**WORK TO BE COMPLETED:** Where a picture occurs in the data, omit it, and copy all remaining data exactly.

**Records excerpted from a collection:**
◇ ◇ ◇ ◇ ◇ ◇ ◇
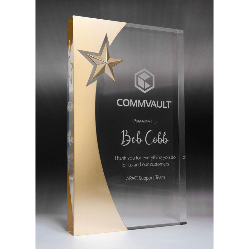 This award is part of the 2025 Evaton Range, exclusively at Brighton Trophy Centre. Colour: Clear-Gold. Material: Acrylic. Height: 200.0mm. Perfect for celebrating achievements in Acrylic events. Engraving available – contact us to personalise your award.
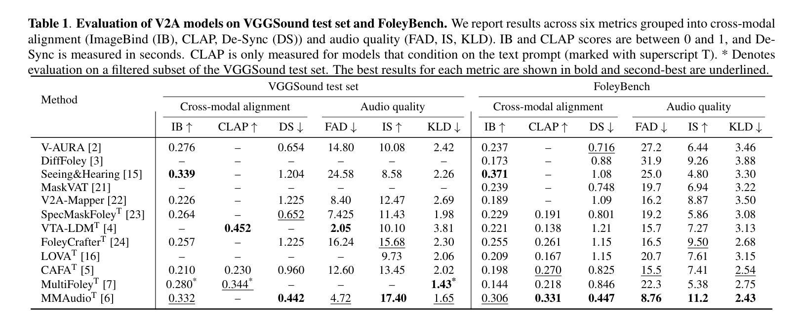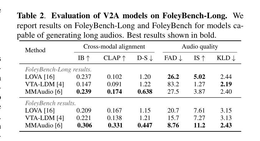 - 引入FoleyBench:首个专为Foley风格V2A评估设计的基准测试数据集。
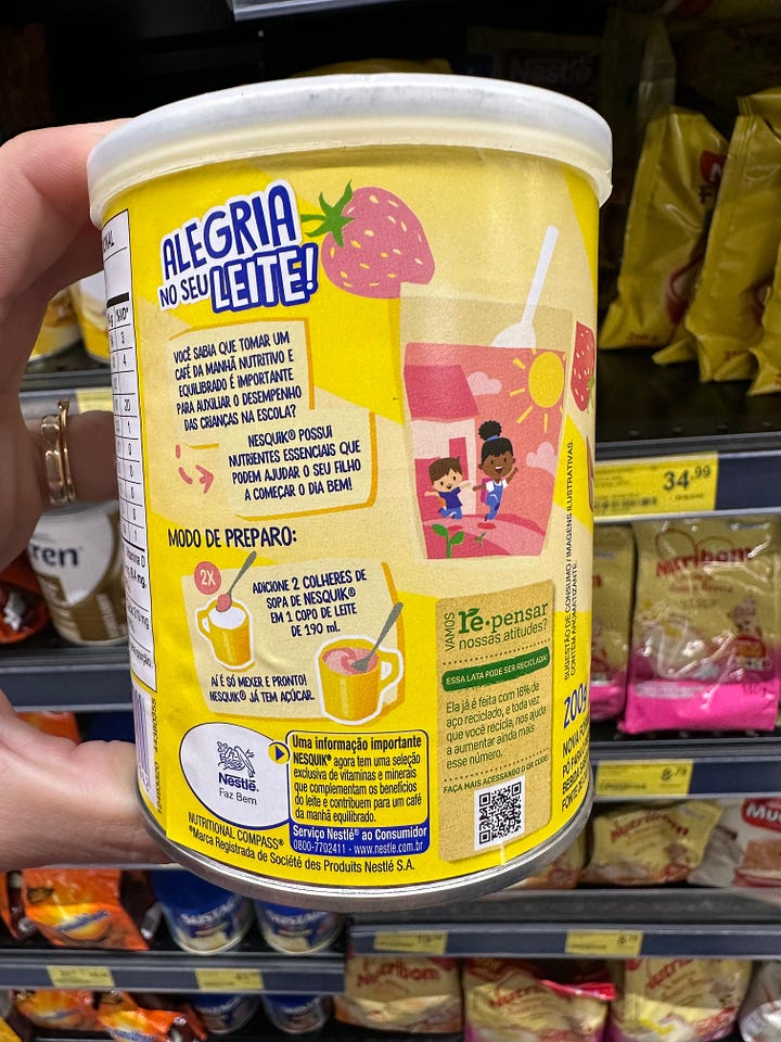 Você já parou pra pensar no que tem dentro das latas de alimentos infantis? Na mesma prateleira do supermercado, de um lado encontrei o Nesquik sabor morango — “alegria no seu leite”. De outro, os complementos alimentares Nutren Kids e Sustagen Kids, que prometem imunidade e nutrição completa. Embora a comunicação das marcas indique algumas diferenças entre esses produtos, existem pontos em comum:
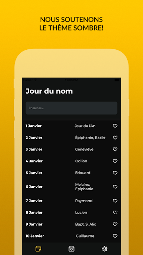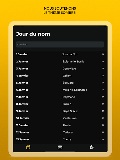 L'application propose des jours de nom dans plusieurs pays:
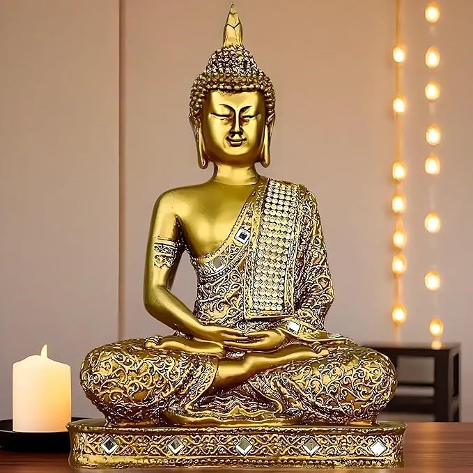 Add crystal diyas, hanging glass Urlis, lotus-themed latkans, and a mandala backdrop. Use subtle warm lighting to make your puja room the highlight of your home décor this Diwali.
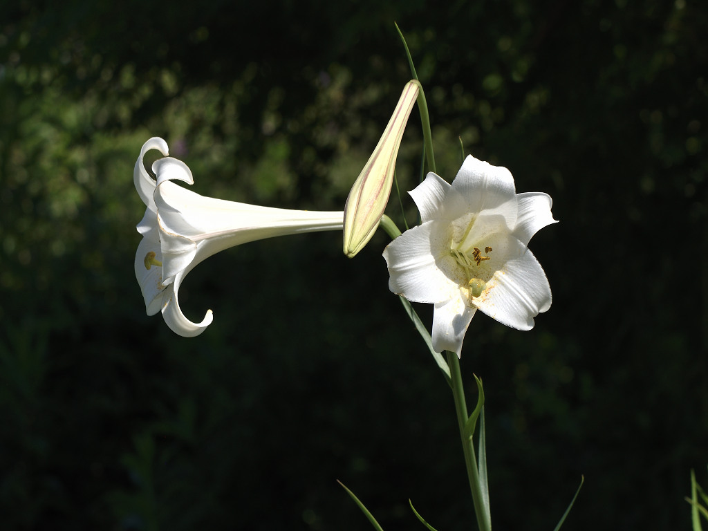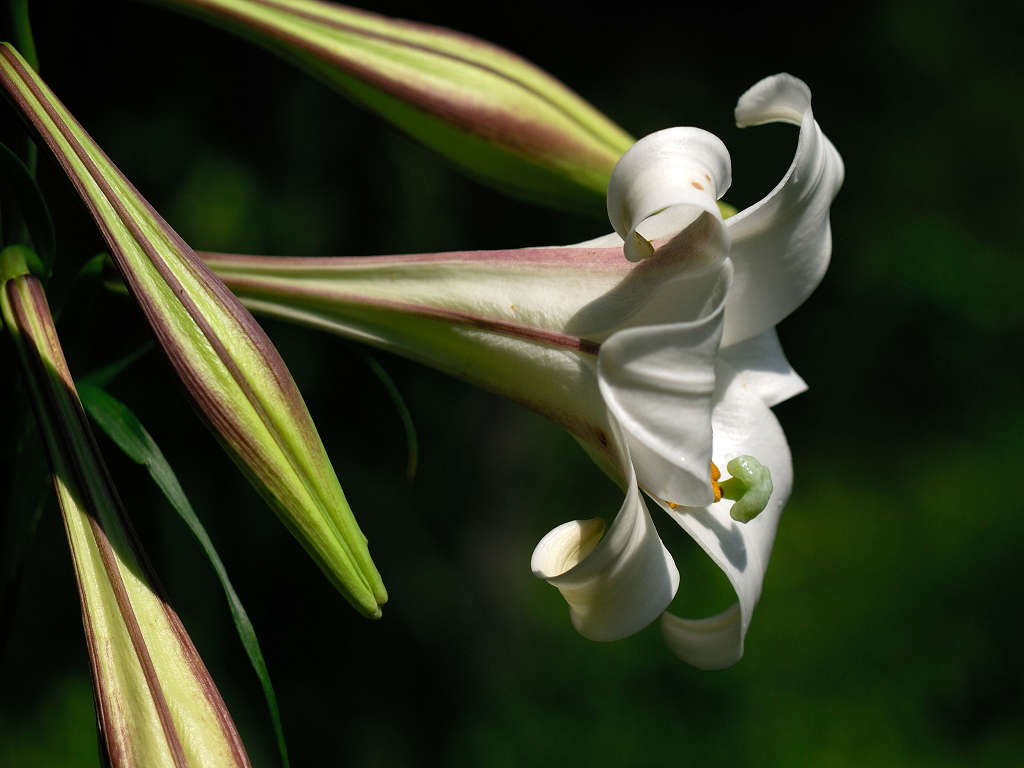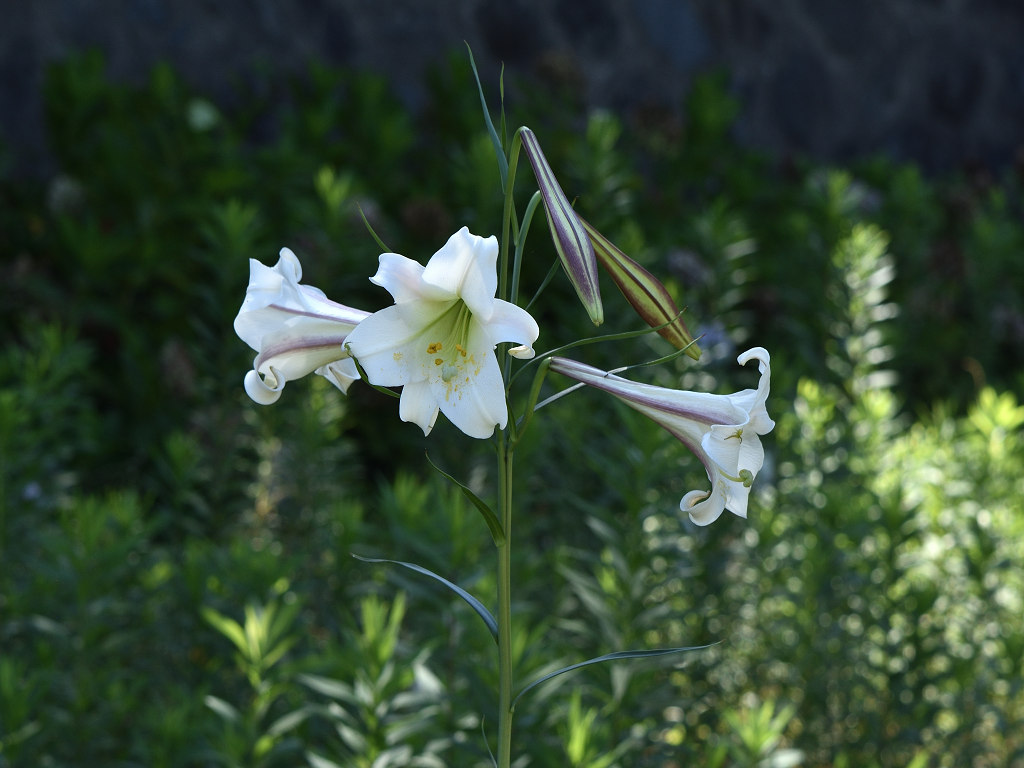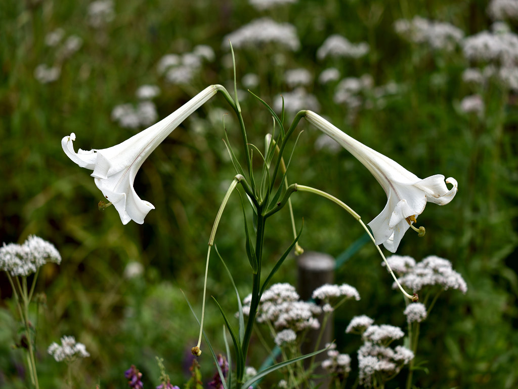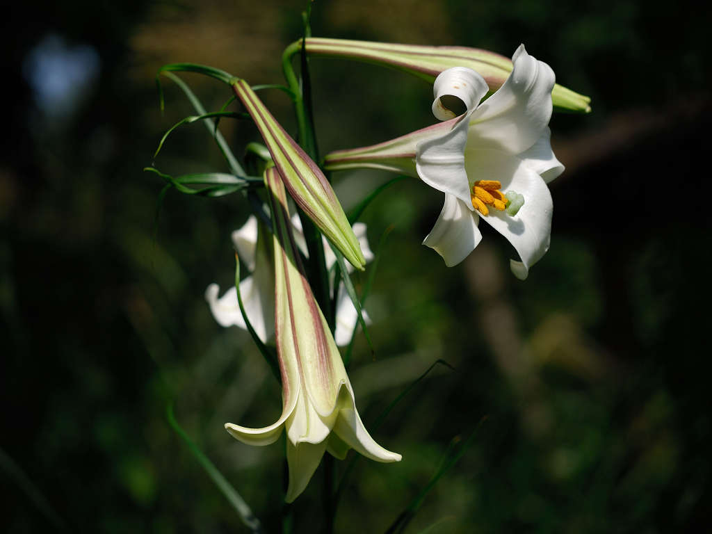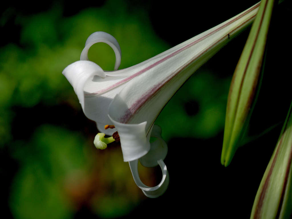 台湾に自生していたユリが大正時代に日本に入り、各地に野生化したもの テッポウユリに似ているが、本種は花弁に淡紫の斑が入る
◇ ◇ ◇ ◇ ◇ ◇ ◇
**ANSWER AREA:**
 This award is part of the 2025 Evaton Range, exclusively at Brighton Trophy Centre. Colour: Clear-Gold. Material: Acrylic. Height: 200.0mm. Perfect for celebrating achievements in Acrylic events. Engraving available – contact us to personalise your award.
 - 引入FoleyBench:首个专为Foley风格V2A评估设计的基准测试数据集。
 Você já parou pra pensar no que tem dentro das latas de alimentos infantis? Na mesma prateleira do supermercado, de um lado encontrei o Nesquik sabor morango — “alegria no seu leite”. De outro, os complementos alimentares Nutren Kids e Sustagen Kids, que prometem imunidade e nutrição completa. Embora a comunicação das marcas indique algumas diferenças entre esses produtos, existem pontos em comum:
 L'application propose des jours de nom dans plusieurs pays:
 Add crystal diyas, hanging glass Urlis, lotus-themed latkans, and a mandala backdrop. Use subtle warm lighting to make your puja room the highlight of your home décor this Diwali.
 台湾に自生していたユリが大正時代に日本に入り、各地に野生化したもの テッポウユリに似ているが、本種は花弁に淡紫の斑が入る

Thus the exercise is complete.